Though the entries hold pictures, only their text should be duplicated, exactly and in full.

____________

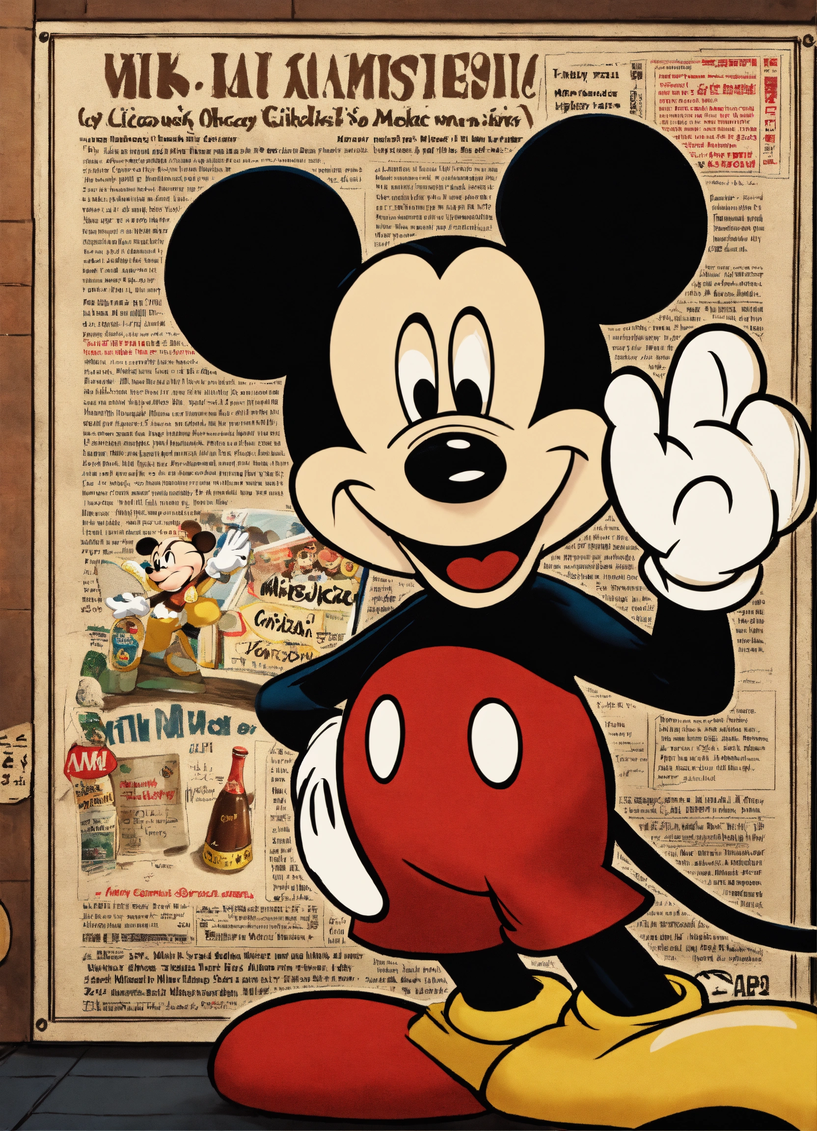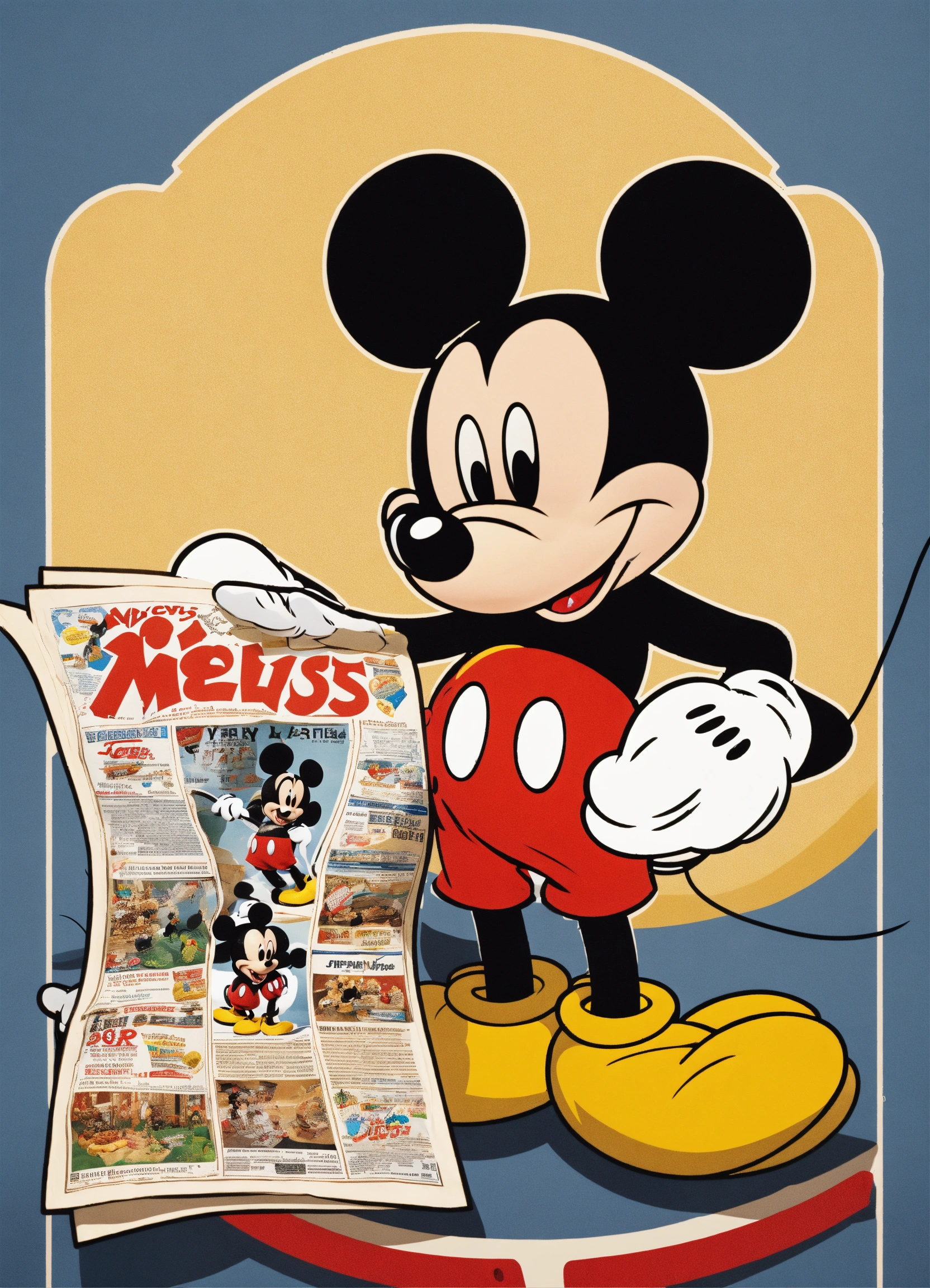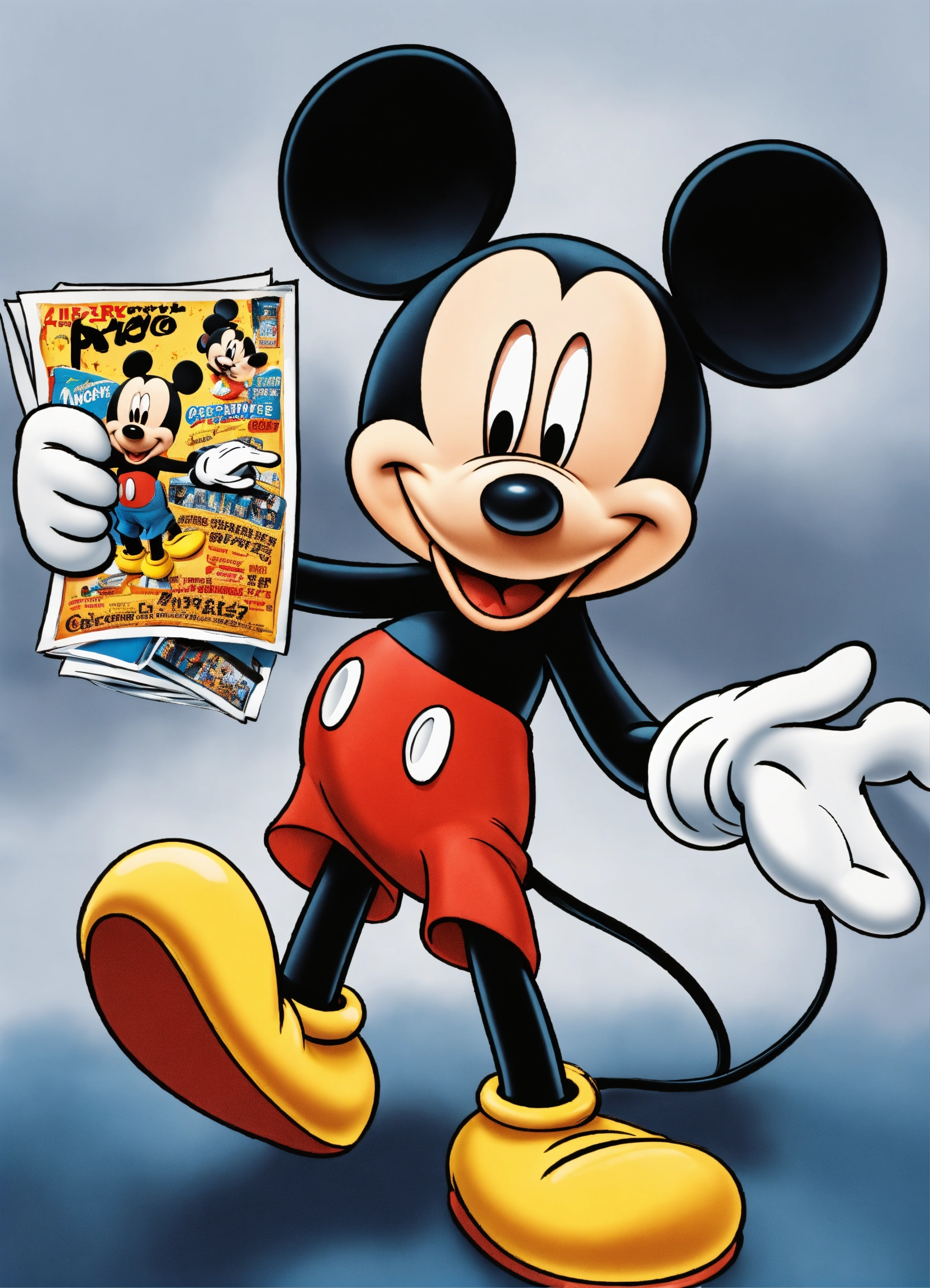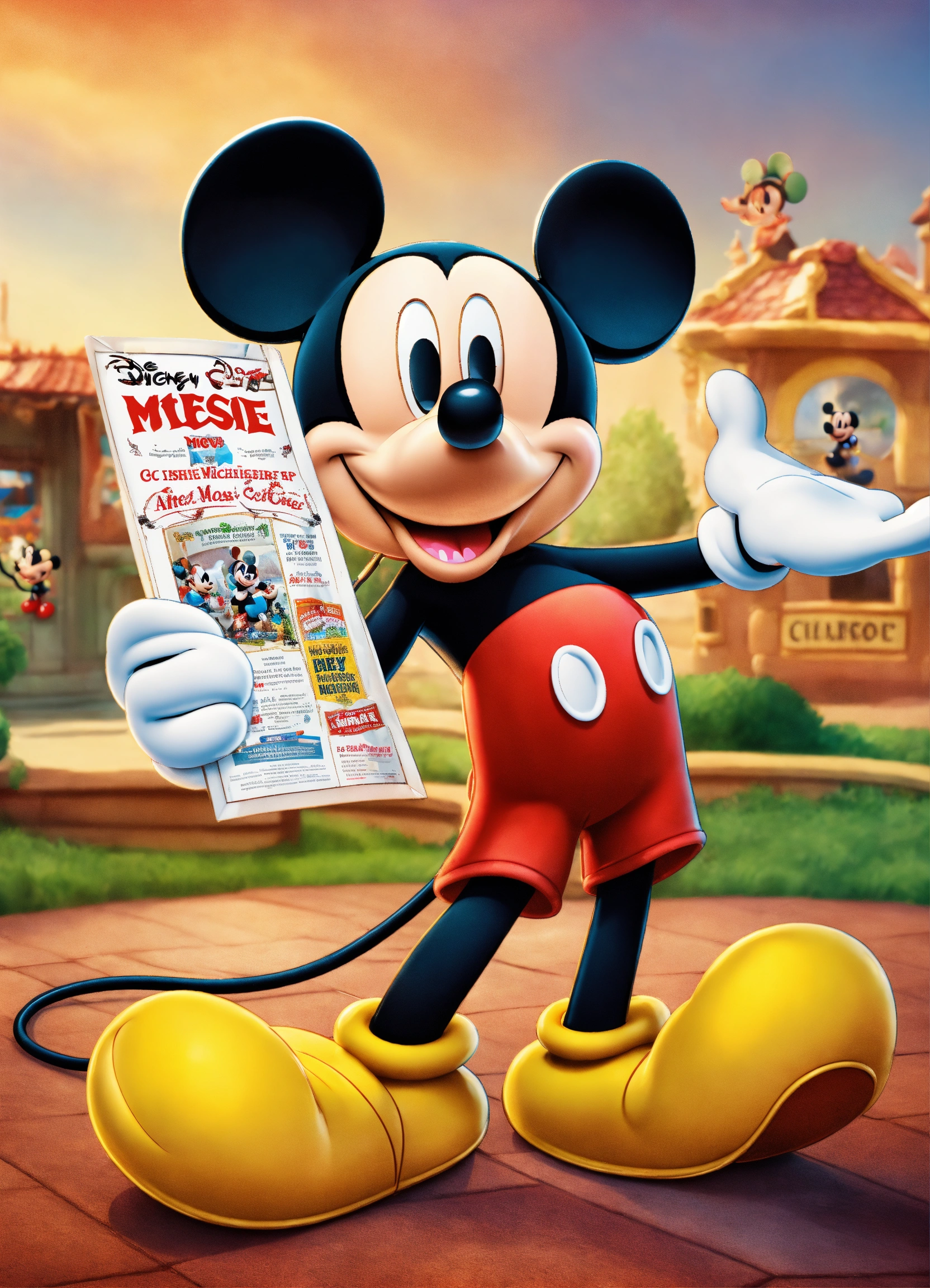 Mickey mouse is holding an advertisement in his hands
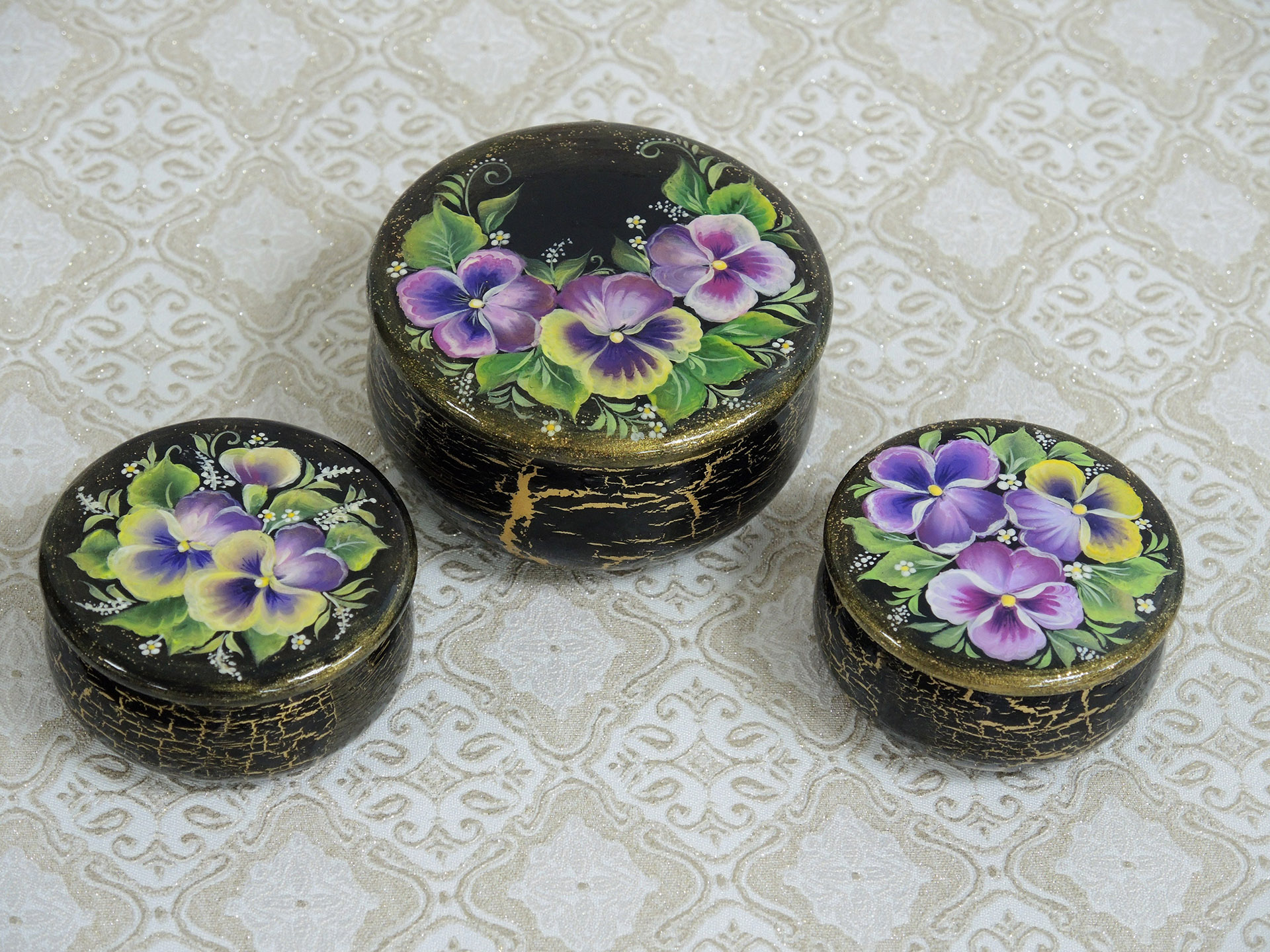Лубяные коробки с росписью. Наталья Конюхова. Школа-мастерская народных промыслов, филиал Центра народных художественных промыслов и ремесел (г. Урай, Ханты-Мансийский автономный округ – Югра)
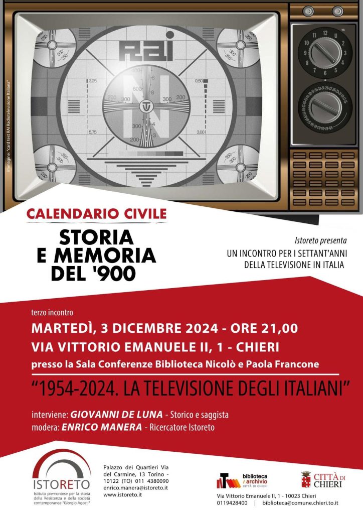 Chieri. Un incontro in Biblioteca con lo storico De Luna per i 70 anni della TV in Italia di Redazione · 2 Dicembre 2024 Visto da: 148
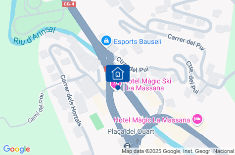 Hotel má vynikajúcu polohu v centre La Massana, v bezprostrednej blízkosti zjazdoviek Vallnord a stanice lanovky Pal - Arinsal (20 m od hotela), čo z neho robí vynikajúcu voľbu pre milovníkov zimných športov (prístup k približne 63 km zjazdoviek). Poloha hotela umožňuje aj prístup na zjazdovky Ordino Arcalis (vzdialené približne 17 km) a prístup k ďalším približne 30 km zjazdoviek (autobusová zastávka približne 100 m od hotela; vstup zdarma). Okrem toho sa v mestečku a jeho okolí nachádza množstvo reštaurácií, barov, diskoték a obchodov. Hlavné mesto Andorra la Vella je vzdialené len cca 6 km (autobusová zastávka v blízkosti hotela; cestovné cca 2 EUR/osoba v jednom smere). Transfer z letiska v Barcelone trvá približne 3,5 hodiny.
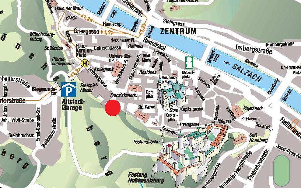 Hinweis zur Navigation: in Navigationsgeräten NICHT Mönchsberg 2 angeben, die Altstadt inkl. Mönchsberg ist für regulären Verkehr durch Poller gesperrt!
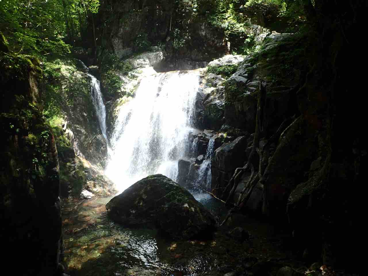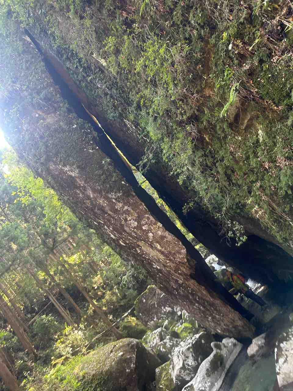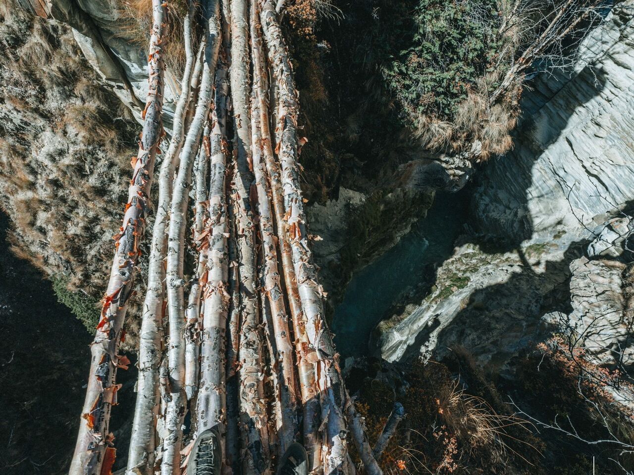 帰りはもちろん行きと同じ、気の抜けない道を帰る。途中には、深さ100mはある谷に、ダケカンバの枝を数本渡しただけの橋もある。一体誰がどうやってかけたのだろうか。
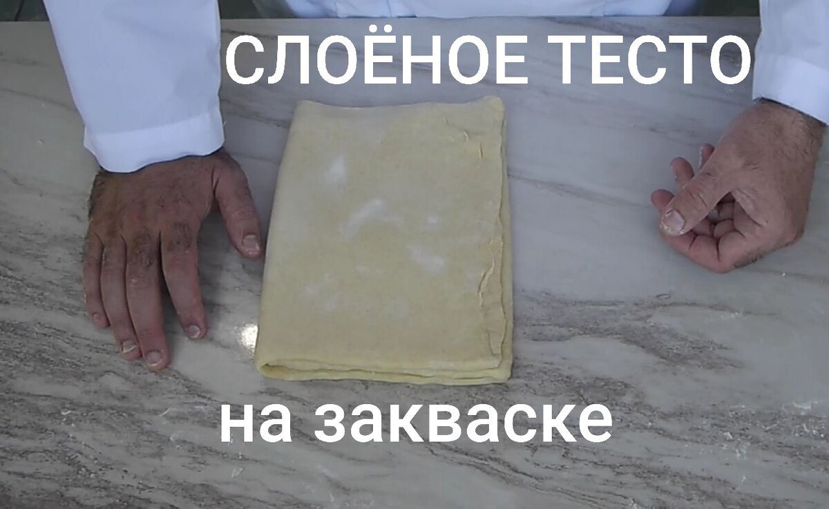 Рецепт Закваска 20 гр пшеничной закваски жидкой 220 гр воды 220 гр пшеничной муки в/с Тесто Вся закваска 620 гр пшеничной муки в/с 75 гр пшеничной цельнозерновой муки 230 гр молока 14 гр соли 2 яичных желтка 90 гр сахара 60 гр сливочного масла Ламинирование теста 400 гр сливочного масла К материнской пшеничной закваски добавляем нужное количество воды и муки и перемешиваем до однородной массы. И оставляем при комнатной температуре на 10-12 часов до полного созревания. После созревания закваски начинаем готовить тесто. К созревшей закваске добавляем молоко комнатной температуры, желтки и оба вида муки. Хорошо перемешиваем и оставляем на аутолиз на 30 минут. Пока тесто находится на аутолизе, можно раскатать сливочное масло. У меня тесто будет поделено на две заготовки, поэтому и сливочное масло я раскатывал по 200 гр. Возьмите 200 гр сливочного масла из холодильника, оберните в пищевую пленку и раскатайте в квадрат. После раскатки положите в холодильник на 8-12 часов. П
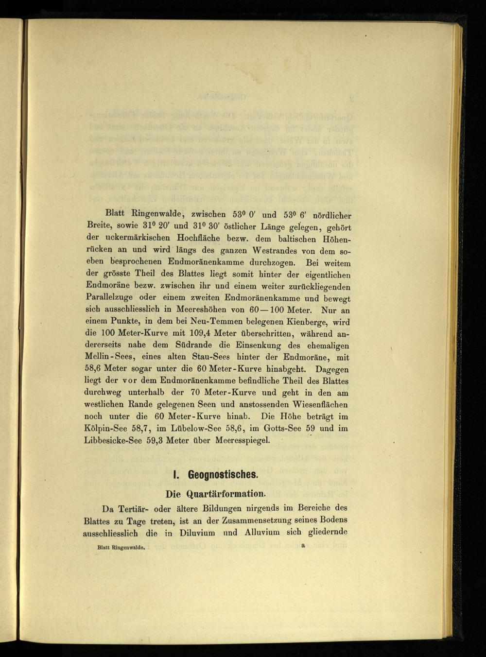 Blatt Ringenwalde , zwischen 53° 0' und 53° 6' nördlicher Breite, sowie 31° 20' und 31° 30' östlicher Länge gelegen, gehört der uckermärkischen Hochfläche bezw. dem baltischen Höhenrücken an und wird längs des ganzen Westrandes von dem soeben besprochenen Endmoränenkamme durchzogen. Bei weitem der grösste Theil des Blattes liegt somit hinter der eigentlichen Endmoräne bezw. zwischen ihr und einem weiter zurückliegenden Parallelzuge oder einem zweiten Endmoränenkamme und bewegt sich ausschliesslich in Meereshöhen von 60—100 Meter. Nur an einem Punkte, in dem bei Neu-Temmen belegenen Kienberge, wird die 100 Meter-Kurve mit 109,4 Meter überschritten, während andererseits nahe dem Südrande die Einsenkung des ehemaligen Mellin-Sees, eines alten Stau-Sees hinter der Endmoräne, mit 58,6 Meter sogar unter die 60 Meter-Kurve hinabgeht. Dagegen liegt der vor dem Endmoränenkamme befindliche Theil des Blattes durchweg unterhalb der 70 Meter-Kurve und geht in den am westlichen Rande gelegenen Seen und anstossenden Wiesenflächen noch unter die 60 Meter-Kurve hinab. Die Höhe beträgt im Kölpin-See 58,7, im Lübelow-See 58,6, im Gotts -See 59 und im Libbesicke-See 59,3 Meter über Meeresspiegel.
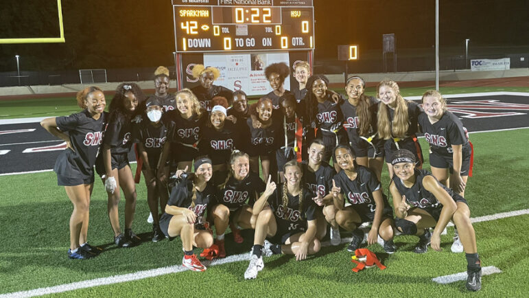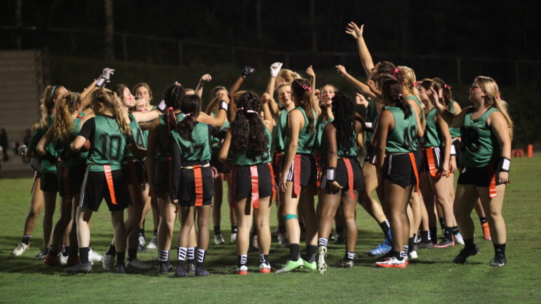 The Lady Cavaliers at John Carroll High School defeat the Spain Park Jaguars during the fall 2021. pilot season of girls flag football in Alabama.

____________

ANSWER:
 Mickey mouse is holding an advertisement in his hands
Лубяные коробки с росписью. Наталья Конюхова. Школа-мастерская народных промыслов, филиал Центра народных художественных промыслов и ремесел (г. Урай, Ханты-Мансийский автономный округ – Югра)
 Chieri. Un incontro in Biblioteca con lo storico De Luna per i 70 anni della TV in Italia di Redazione · 2 Dicembre 2024 Visto da: 148
 Hotel má vynikajúcu polohu v centre La Massana, v bezprostrednej blízkosti zjazdoviek Vallnord a stanice lanovky Pal - Arinsal (20 m od hotela), čo z neho robí vynikajúcu voľbu pre milovníkov zimných športov (prístup k približne 63 km zjazdoviek). Poloha hotela umožňuje aj prístup na zjazdovky Ordino Arcalis (vzdialené približne 17 km) a prístup k ďalším približne 30 km zjazdoviek (autobusová zastávka približne 100 m od hotela; vstup zdarma). Okrem toho sa v mestečku a jeho okolí nachádza množstvo reštaurácií, barov, diskoték a obchodov. Hlavné mesto Andorra la Vella je vzdialené len cca 6 km (autobusová zastávka v blízkosti hotela; cestovné cca 2 EUR/osoba v jednom smere). Transfer z letiska v Barcelone trvá približne 3,5 hodiny.
 Hinweis zur Navigation: in Navigationsgeräten NICHT Mönchsberg 2 angeben, die Altstadt inkl. Mönchsberg ist für regulären Verkehr durch Poller gesperrt!
 帰りはもちろん行きと同じ、気の抜けない道を帰る。途中には、深さ100mはある谷に、ダケカンバの枝を数本渡しただけの橋もある。一体誰がどうやってかけたのだろうか。
 Рецепт Закваска 20 гр пшеничной закваски жидкой 220 гр воды 220 гр пшеничной муки в/с Тесто Вся закваска 620 гр пшеничной муки в/с 75 гр пшеничной цельнозерновой муки 230 гр молока 14 гр соли 2 яичных желтка 90 гр сахара 60 гр сливочного масла Ламинирование теста 400 гр сливочного масла К материнской пшеничной закваски добавляем нужное количество воды и муки и перемешиваем до однородной массы. И оставляем при комнатной температуре на 10-12 часов до полного созревания. После созревания закваски начинаем готовить тесто. К созревшей закваске добавляем молоко комнатной температуры, желтки и оба вида муки. Хорошо перемешиваем и оставляем на аутолиз на 30 минут. Пока тесто находится на аутолизе, можно раскатать сливочное масло. У меня тесто будет поделено на две заготовки, поэтому и сливочное масло я раскатывал по 200 гр. Возьмите 200 гр сливочного масла из холодильника, оберните в пищевую пленку и раскатайте в квадрат. После раскатки положите в холодильник на 8-12 часов. П
 Blatt Ringenwalde , zwischen 53° 0' und 53° 6' nördlicher Breite, sowie 31° 20' und 31° 30' östlicher Länge gelegen, gehört der uckermärkischen Hochfläche bezw. dem baltischen Höhenrücken an und wird längs des ganzen Westrandes von dem soeben besprochenen Endmoränenkamme durchzogen. Bei weitem der grösste Theil des Blattes liegt somit hinter der eigentlichen Endmoräne bezw. zwischen ihr und einem weiter zurückliegenden Parallelzuge oder einem zweiten Endmoränenkamme und bewegt sich ausschliesslich in Meereshöhen von 60—100 Meter. Nur an einem Punkte, in dem bei Neu-Temmen belegenen Kienberge, wird die 100 Meter-Kurve mit 109,4 Meter überschritten, während andererseits nahe dem Südrande die Einsenkung des ehemaligen Mellin-Sees, eines alten Stau-Sees hinter der Endmoräne, mit 58,6 Meter sogar unter die 60 Meter-Kurve hinabgeht. Dagegen liegt der vor dem Endmoränenkamme befindliche Theil des Blattes durchweg unterhalb der 70 Meter-Kurve und geht in den am westlichen Rande gelegenen Seen und anstossenden Wiesenflächen noch unter die 60 Meter-Kurve hinab. Die Höhe beträgt im Kölpin-See 58,7, im Lübelow-See 58,6, im Gotts -See 59 und im Libbesicke-See 59,3 Meter über Meeresspiegel.
 The Lady Cavaliers at John Carroll High School defeat the Spain Park Jaguars during the fall 2021. pilot season of girls flag football in Alabama.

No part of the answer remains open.